"""

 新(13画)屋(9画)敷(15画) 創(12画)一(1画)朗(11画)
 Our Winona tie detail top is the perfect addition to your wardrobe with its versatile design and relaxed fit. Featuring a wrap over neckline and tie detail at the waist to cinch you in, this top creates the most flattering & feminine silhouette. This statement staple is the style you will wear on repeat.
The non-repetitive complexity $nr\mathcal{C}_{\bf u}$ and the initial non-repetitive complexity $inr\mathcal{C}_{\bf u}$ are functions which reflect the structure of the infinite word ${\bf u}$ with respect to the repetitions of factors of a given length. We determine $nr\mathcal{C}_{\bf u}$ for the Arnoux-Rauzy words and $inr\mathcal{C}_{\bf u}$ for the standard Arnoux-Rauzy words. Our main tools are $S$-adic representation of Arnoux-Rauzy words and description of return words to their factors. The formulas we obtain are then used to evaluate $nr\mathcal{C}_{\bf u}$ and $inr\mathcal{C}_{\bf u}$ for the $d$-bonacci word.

"""
"""

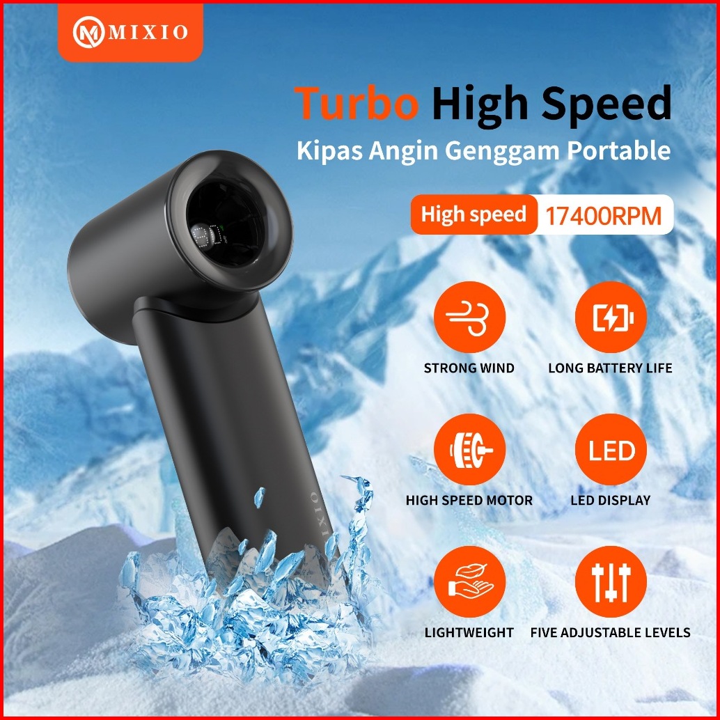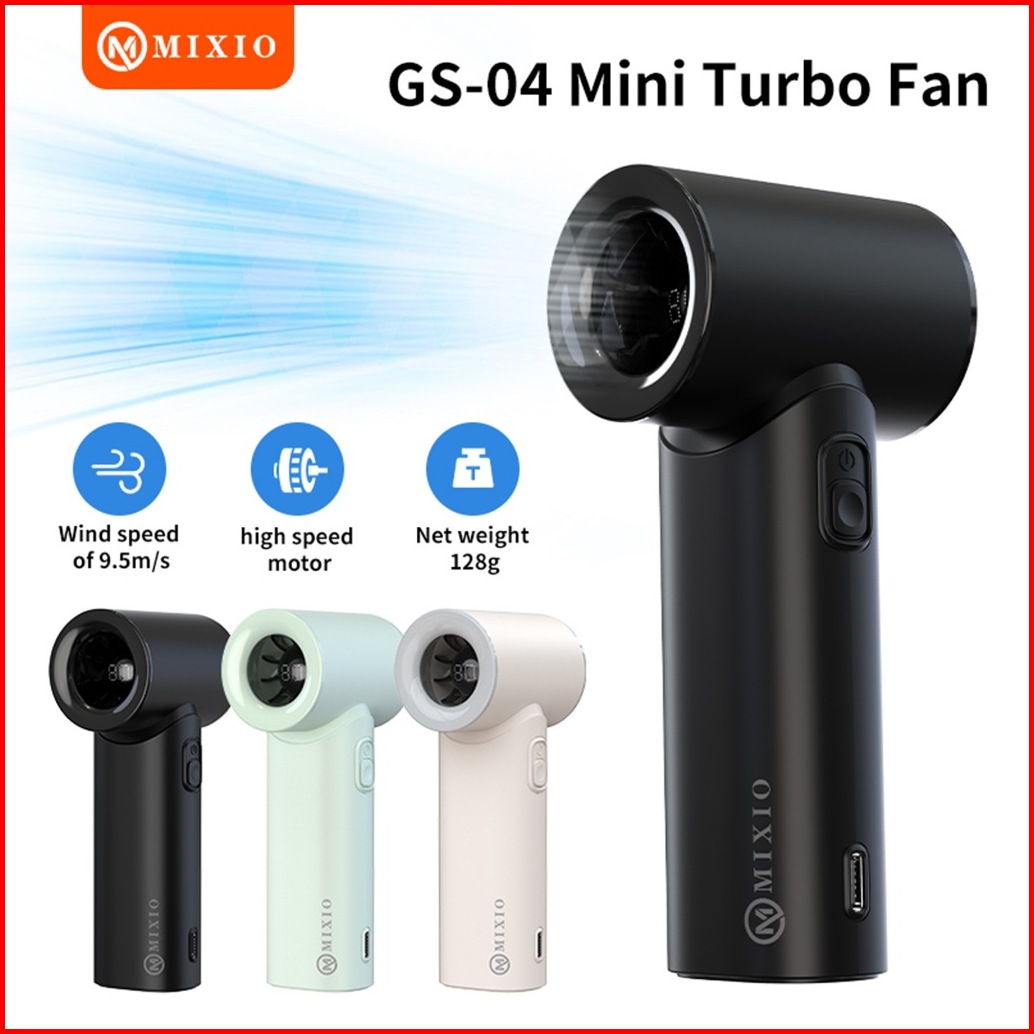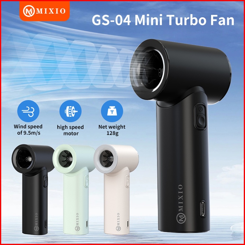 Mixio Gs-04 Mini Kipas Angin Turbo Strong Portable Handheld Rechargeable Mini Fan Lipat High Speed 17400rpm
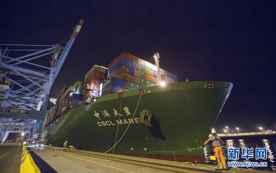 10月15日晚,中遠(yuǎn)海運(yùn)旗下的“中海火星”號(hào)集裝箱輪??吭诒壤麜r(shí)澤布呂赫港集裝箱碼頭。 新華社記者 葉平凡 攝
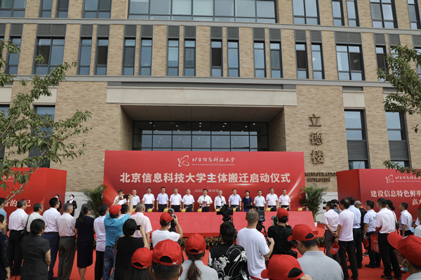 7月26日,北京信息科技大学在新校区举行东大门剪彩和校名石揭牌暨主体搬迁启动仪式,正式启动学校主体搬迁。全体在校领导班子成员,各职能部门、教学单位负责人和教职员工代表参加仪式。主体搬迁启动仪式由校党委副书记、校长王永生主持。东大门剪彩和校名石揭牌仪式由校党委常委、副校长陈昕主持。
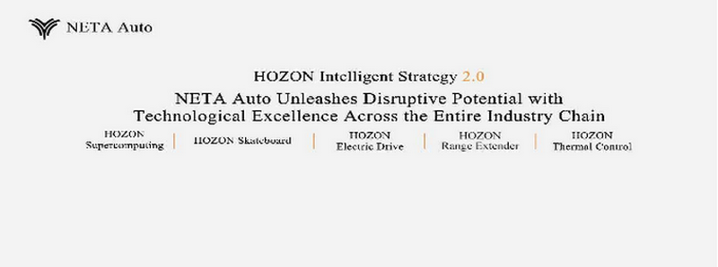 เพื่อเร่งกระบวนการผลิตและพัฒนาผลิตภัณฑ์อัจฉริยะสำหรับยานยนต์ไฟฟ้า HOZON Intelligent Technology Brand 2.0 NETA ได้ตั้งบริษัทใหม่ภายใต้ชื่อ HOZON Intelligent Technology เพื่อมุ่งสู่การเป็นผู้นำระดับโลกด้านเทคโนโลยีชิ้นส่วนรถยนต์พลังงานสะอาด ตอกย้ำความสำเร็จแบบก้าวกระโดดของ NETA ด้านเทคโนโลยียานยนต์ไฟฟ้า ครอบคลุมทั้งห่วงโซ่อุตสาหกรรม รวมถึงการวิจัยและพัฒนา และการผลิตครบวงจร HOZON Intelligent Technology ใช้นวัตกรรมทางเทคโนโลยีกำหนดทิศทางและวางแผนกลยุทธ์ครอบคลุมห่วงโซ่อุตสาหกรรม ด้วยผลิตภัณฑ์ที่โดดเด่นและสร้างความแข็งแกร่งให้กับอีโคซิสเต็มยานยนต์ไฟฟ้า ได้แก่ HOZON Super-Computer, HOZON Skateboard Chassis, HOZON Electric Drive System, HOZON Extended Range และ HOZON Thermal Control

"""

## [ASSIGNMENT]
Filter the listing above by the word "with"; copy each line that passes.

## [TASK ANSWER]
 Our Winona tie detail top is the perfect addition to your wardrobe with its versatile design and relaxed fit. Featuring a wrap over neckline and tie detail at the waist to cinch you in, this top creates the most flattering & feminine silhouette. This statement staple is the style you will wear on repeat.
The non-repetitive complexity $nr\mathcal{C}_{\bf u}$ and the initial non-repetitive complexity $inr\mathcal{C}_{\bf u}$ are functions which reflect the structure of the infinite word ${\bf u}$ with respect to the repetitions of factors of a given length. We determine $nr\mathcal{C}_{\bf u}$ for the Arnoux-Rauzy words and $inr\mathcal{C}_{\bf u}$ for the standard Arnoux-Rauzy words. Our main tools are $S$-adic representation of Arnoux-Rauzy words and description of return words to their factors. The formulas we obtain are then used to evaluate $nr\mathcal{C}_{\bf u}$ and $inr\mathcal{C}_{\bf u}$ for the $d$-bonacci word.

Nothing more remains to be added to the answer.